REQUIREMENT: Repeat word for word the lines from the one containing "Fresh Microgreens Piled" to the end of the material below, and leave all pictures out.

TASK INPUT:
□ □ □ □ □
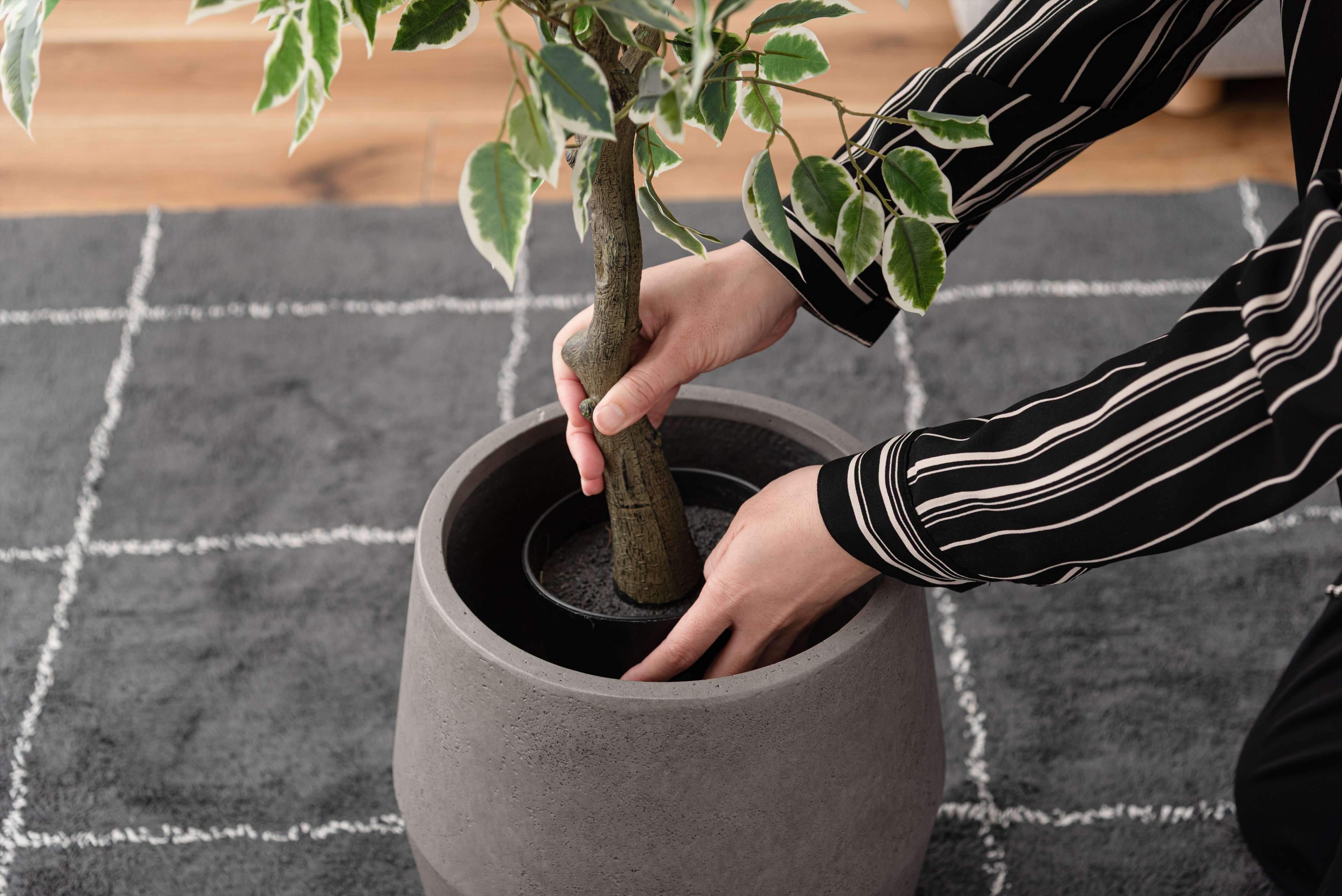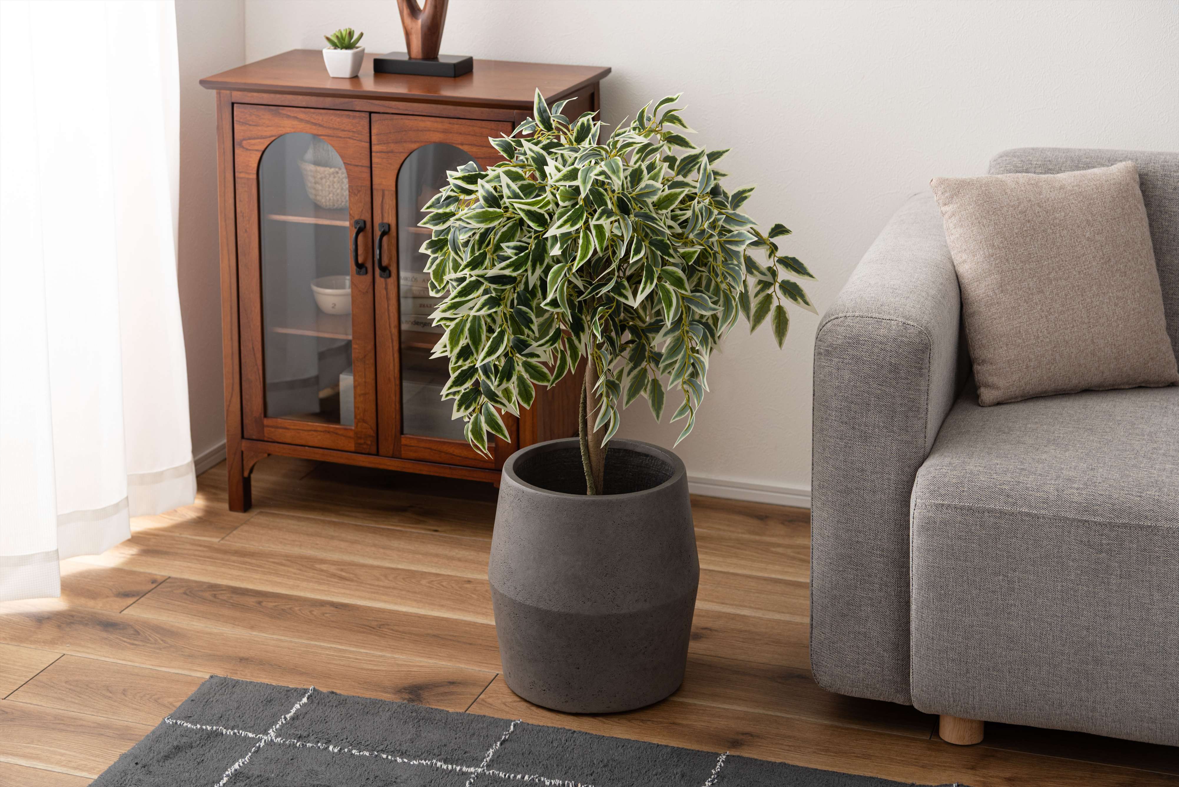 鉢植えのまま入れられる形状のため扱いやすく、置く場所によって表情の変化を楽しめます。
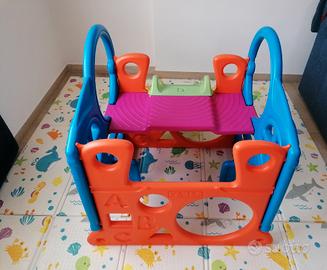 Centro Attività, Activity Center Feber Famosa, numeri e lettere. Con le sue dimensioni di 97 x 153 x 89 cm, il centro offre ampio spazio per giocare, rendendolo adatto sia per l'interno che per l'esterno. Ha diversi punti per salire le "scale" per poi scendere tramite uno scivolo. Presenti fori, buchi per poter entrare ed uscire e giocare come se fosse una casetta, una capanna, un tunnel.... Facile da montare e smontare. Resistente e sicuro. Ritiro a mano previo accordo. Non spedisco.
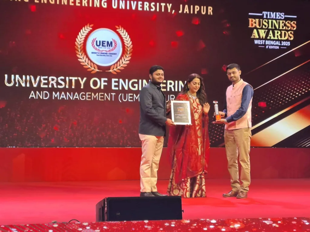 UEM Jaipur was honoured in the prestigious category of “Leading Engineering University of Jaipur” at a grand ceremony held at JW Marriott, Kolkata, on 27th May 2025, in the esteemed presence of celebrated Bollywood actress Ms. Juhi Chawla.
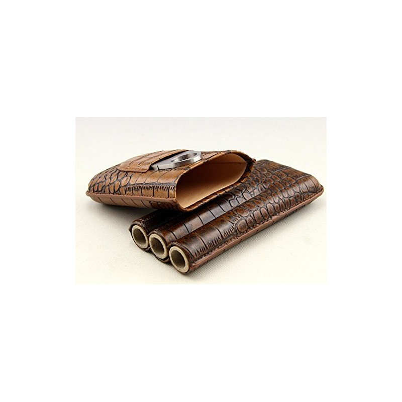 CIGAR IN STYLE Brown Crocodile Embossed Leather 3 Ct Cigar Case w/Stainless Steel Cutter for Large Cigar
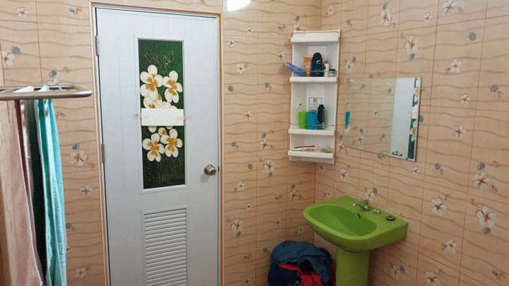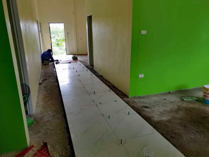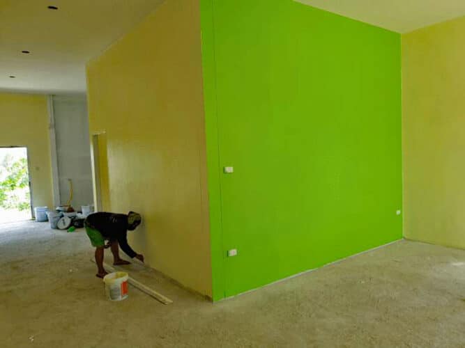 15,000바트에 내부와 외부를 페인트 칠하고 15,000바트에 모든 타일을 배치했습니다. 바닥(220m2)과 2개의 욕실 벽이 모두 있습니다.
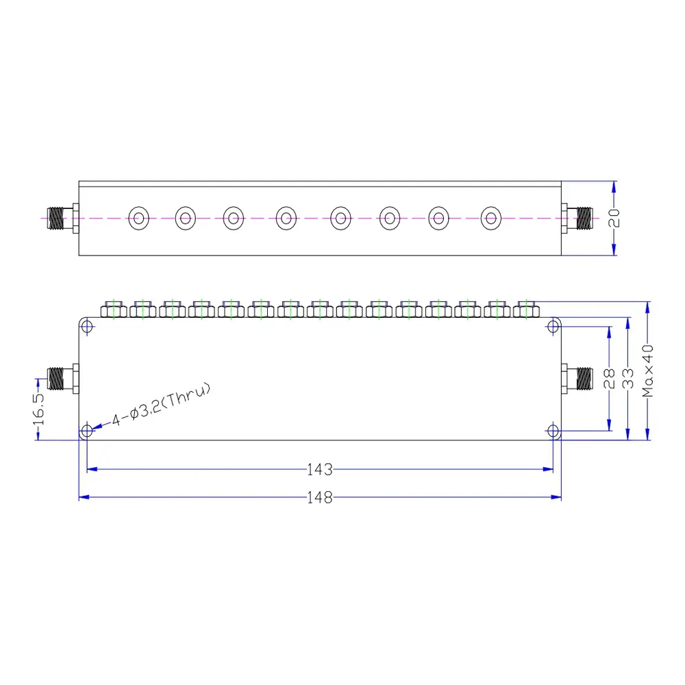 Read more 16-Port, Panel Sector Antenna, 65° HBW, (2x) 694-960/(6x) 1710-2690 MHz, 16.5/16.5/18/17.5/18/17.5/18/17.5 dBi, 2-12°T, 2.750 m
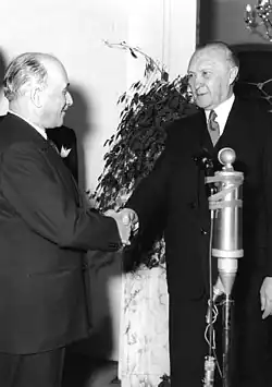 For three decades, Jean Monnet and Charles de Gaulle had a multifaceted relationship, at some times cooperative and at other times distrustful, from a first encounter in London during the Battle of France in mid-June 1940 until De Gaulle's death in November 1970. Monnet and De Gaulle have been referred to together as "probably the two most outstanding Frenchmen of the 20th century".[4][a]
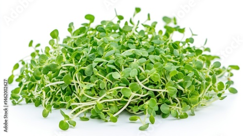 Fresh Microgreens Piled on White Background for Healthy Eating
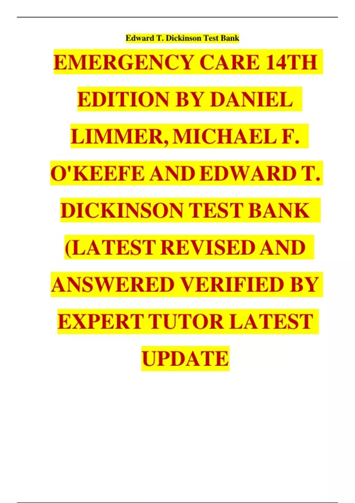 EMERGENCY CARE 14TH EDITION BY DANIEL LIMMER, MICHAEL F. O-KEEFE AND EDWARD T. DICKINSON TEST BANK (LATEST REVISED AND ANSWERED VERIFIED BY EXPERT TUTOR LATEST UPDATE .
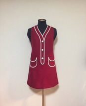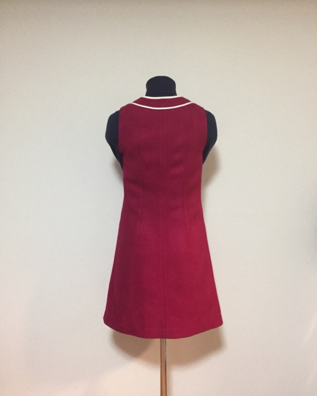 ボタン開きノースリーブ、配色パイピングが70sチックなデザインのソリッドカラーワンピースです。
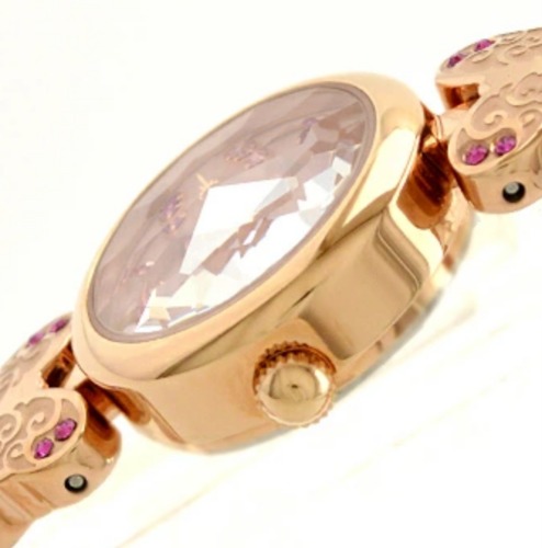 評価:ゴールドカラーのケースとベルト、そして淡いピンク色の文字盤にビビットなピンク色のスワロフスキーが装飾されていて、アナスイらしい可愛らしいフェミニンな世界が出ている腕時計です。見ているだけでワクワクするので、着用していない時は部屋のインテリアにもなります。ちょっと若い感じがするデザインですが、自分が気に入っているので年齢を重ねても愛用していきます。
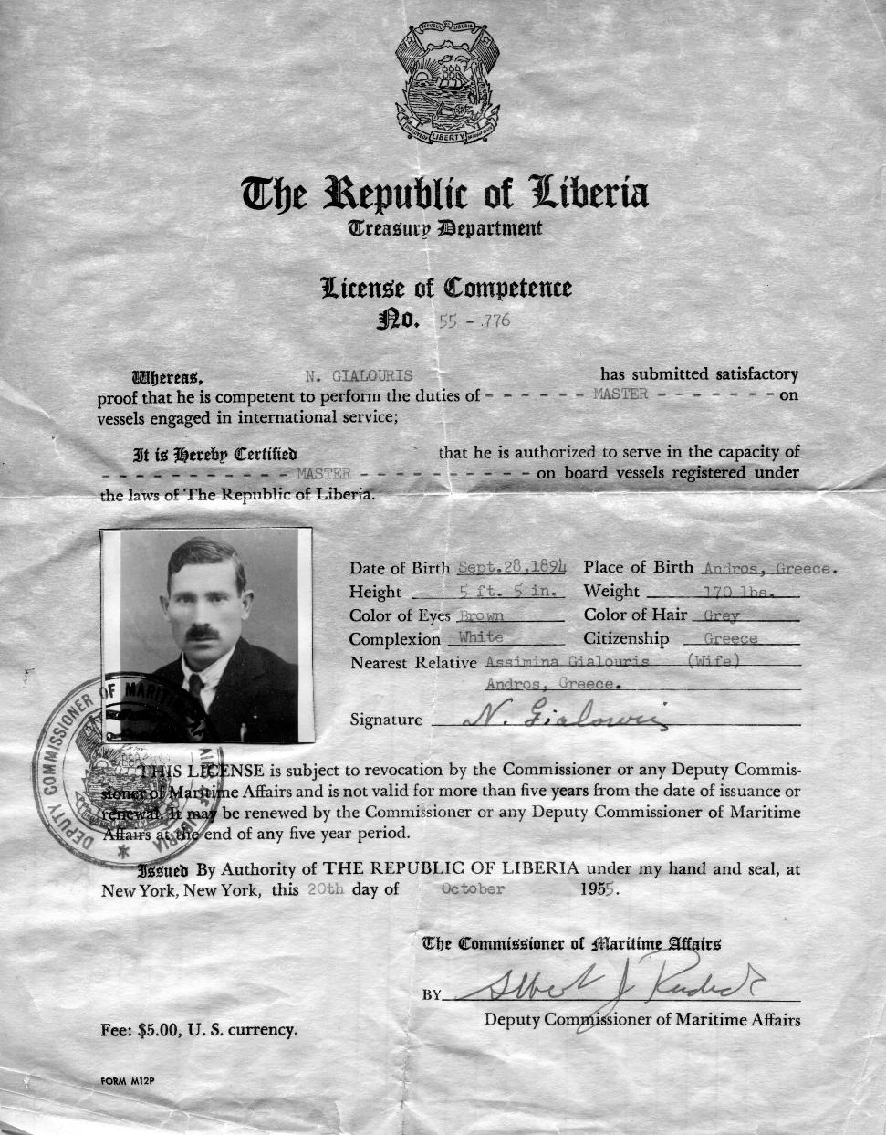 Πάνω, μία (πενταετής) Λιβεριανή άδεια εξασκήσεως του επαγγέλματος του πλοιάρχου, απαραίτητη σε όσους υπηρετούσαν σε πλοία με σημαία (ευκαιρίας) Λιβερίας. |
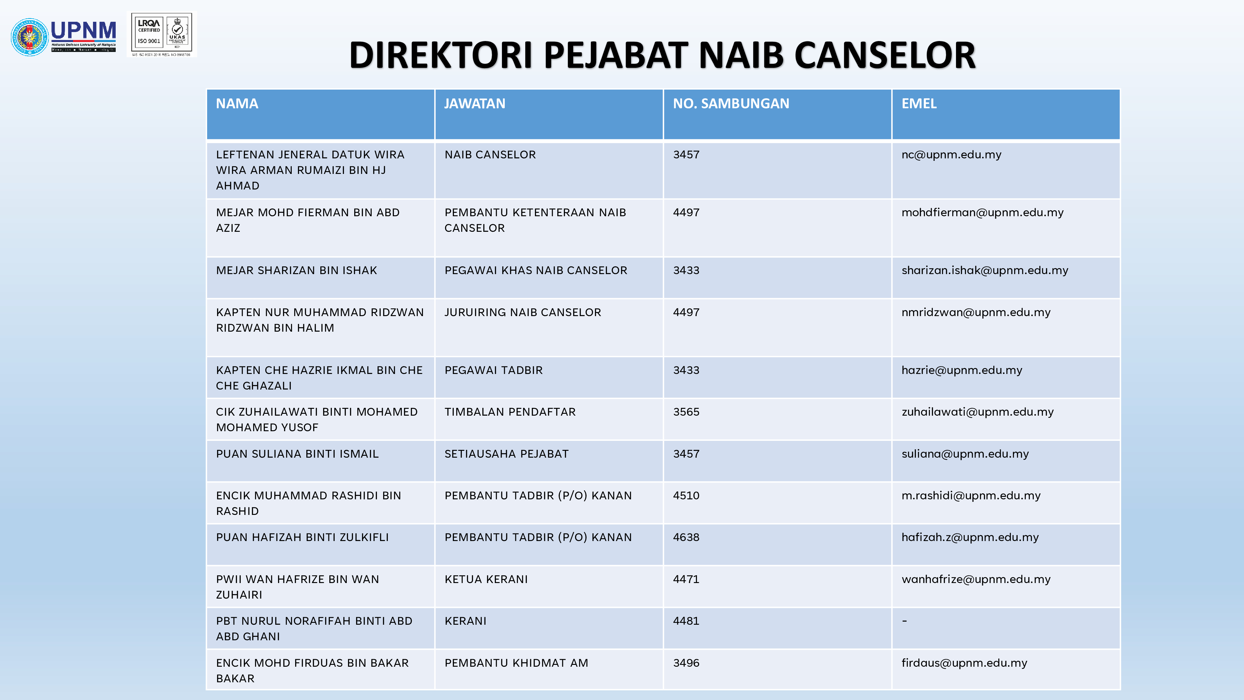 • Pejabat Naib Canselor
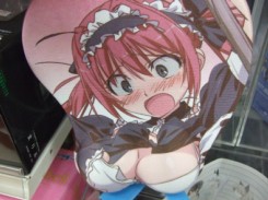 展示されていたとらのあなの説明によると「人気キャラ「トモエ」と最新キャラ「アイリ」が今、話題のむにむにジェル入り立体マウスパッドで登場。もちろん、やわらかジェルで再現されているのは、見果てぬ浪漫、神秘の秘境「胸の谷間」!!メイドと巫女の谷間に埋もれながら、マウス操作が出来る・・・そんな夢のようなPCライフを貴方へ。とらのあなホビー担当イチオシです!」というもの。(クイーンズブレイド公式)
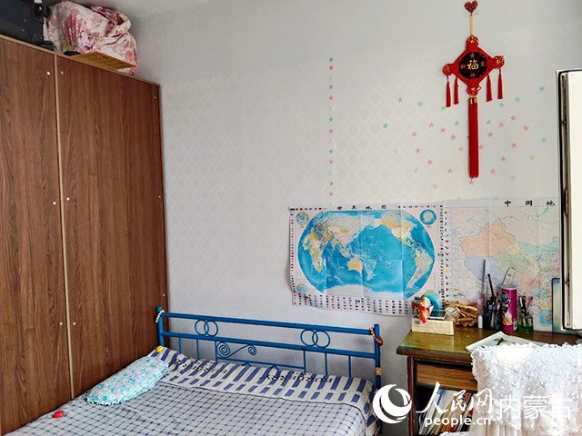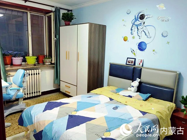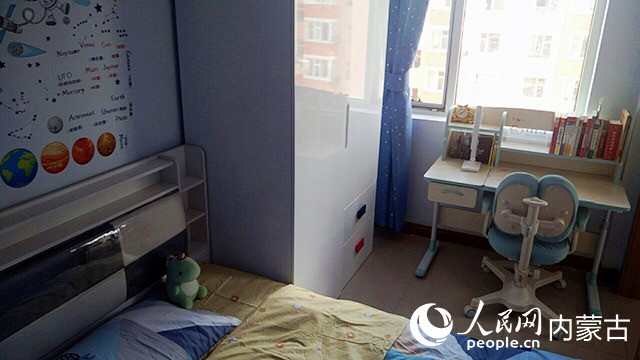 在對原有住房進行規(guī)劃、設(shè)計后,施工隊開始裝修,并配備必要的家具、臥具和學(xué)習(xí)生活用品。歷時半個多月,一間以藍色為主色調(diào)的小屋建成了,F(xiàn)在,屬于浩博的那一半臥室,泛黃的臥室墻壁被粉刷成淡藍色,換了新的小床和衣柜,新添置的書桌上擺滿了課外書,看起來整潔又溫馨。
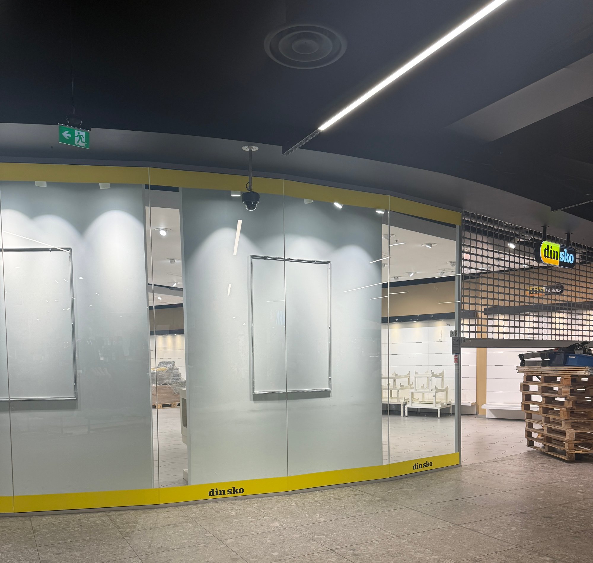 Moss Avis fikk fredag ettermiddag tips om at gitteret var nede foran Din Sko pÄ Amfi Moss. Butikken var ogsÄ tÞmt for varer.
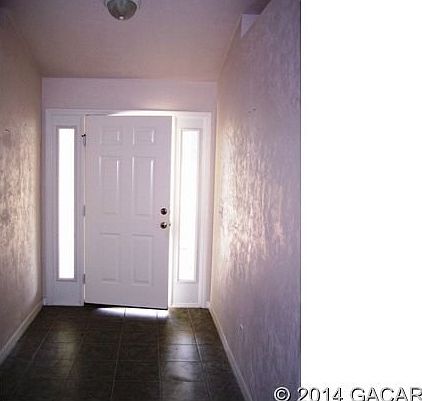 Clean and well-maintained, this home in Oak Ridge S/D off US 441 between High Springs and I-75 exit 399 at Alachua (2 mi from each) offers an easy commute to G'ville. It's also 2 miles from Santa Fe High School. Located at the back of the s/d away from the busy highway, the back screened porch overlooks old oaks along an long-abandoned railroad bed (no tracks), giving the property an attractive view. Features include a 2-car garage, an open front porch, and vinyl privacy fencing on the sides of the back yard. Enjoy a spacious front porch ready for several rocking chairs. The floor plan allows extra privacy for the 2nd & 3rd bedrooms and bath. Vaulted ceiling in the living room/kitchen/dining area. This is a Fannie Mae HomePath property.
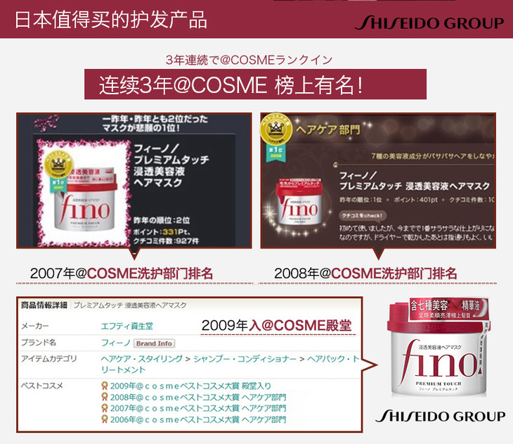 【门店直发】资生堂fino7发膜 gao效渗透美容液焗油膏230g
□ □ □ □ □
RESPONSE TO THIS EXERCISE:
 Fresh Microgreens Piled on White Background for Healthy Eating
 EMERGENCY CARE 14TH EDITION BY DANIEL LIMMER, MICHAEL F. O-KEEFE AND EDWARD T. DICKINSON TEST BANK (LATEST REVISED AND ANSWERED VERIFIED BY EXPERT TUTOR LATEST UPDATE .
 ボタン開きノースリーブ、配色パイピングが70sチックなデザインのソリッドカラーワンピースです。
 評価:ゴールドカラーのケースとベルト、そして淡いピンク色の文字盤にビビットなピンク色のスワロフスキーが装飾されていて、アナスイらしい可愛らしいフェミニンな世界が出ている腕時計です。見ているだけでワクワクするので、着用していない時は部屋のインテリアにもなります。ちょっと若い感じがするデザインですが、自分が気に入っているので年齢を重ねても愛用していきます。
 Πάνω, μία (πενταετής) Λιβεριανή άδεια εξασκήσεως του επαγγέλματος του πλοιάρχου, απαραίτητη σε όσους υπηρετούσαν σε πλοία με σημαία (ευκαιρίας) Λιβερίας. |
 • Pejabat Naib Canselor
 展示されていたとらのあなの説明によると「人気キャラ「トモエ」と最新キャラ「アイリ」が今、話題のむにむにジェル入り立体マウスパッドで登場。もちろん、やわらかジェルで再現されているのは、見果てぬ浪漫、神秘の秘境「胸の谷間」!!メイドと巫女の谷間に埋もれながら、マウス操作が出来る・・・そんな夢のようなPCライフを貴方へ。とらのあなホビー担当イチオシです!」というもの。(クイーンズブレイド公式)
 在對原有住房進行規(guī)劃、設(shè)計后,施工隊開始裝修,并配備必要的家具、臥具和學(xué)習(xí)生活用品。歷時半個多月,一間以藍色為主色調(diào)的小屋建成了,F(xiàn)在,屬于浩博的那一半臥室,泛黃的臥室墻壁被粉刷成淡藍色,換了新的小床和衣柜,新添置的書桌上擺滿了課外書,看起來整潔又溫馨。
 Moss Avis fikk fredag ettermiddag tips om at gitteret var nede foran Din Sko pÄ Amfi Moss. Butikken var ogsÄ tÞmt for varer.
 Clean and well-maintained, this home in Oak Ridge S/D off US 441 between High Springs and I-75 exit 399 at Alachua (2 mi from each) offers an easy commute to G'ville. It's also 2 miles from Santa Fe High School. Located at the back of the s/d away from the busy highway, the back screened porch overlooks old oaks along an long-abandoned railroad bed (no tracks), giving the property an attractive view. Features include a 2-car garage, an open front porch, and vinyl privacy fencing on the sides of the back yard. Enjoy a spacious front porch ready for several rocking chairs. The floor plan allows extra privacy for the 2nd & 3rd bedrooms and bath. Vaulted ceiling in the living room/kitchen/dining area. This is a Fannie Mae HomePath property.
 【门店直发】资生堂fino7发膜 gao效渗透美容液焗油膏230g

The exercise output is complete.